Task instructions: Below are some records. Retype exactly the lines from the one containing "Домик с панорамным" through the one containing "大きな荷物を持って元気に幼稚園に集合したさくら組さん😊!", both included, skipping every picture.

Dataset excerpts:
══════════════════════════════

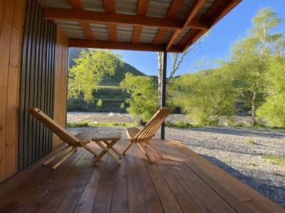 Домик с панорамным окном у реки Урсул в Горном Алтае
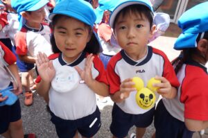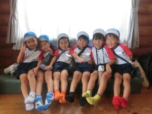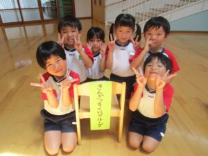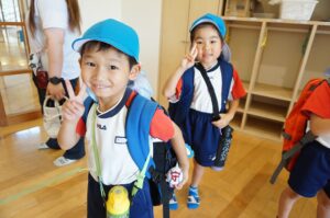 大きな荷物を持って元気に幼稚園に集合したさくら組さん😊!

══════════════════════════════

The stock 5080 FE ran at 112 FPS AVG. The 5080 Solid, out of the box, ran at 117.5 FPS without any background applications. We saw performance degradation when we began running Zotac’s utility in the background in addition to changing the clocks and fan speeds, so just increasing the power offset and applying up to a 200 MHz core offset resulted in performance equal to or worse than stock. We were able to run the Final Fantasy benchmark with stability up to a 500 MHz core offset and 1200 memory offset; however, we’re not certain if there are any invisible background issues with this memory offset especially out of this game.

══════════════════════════════

Task result:
 Домик с панорамным окном у реки Урсул в Горном Алтае
 大きな荷物を持って元気に幼稚園に集合したさくら組さん😊!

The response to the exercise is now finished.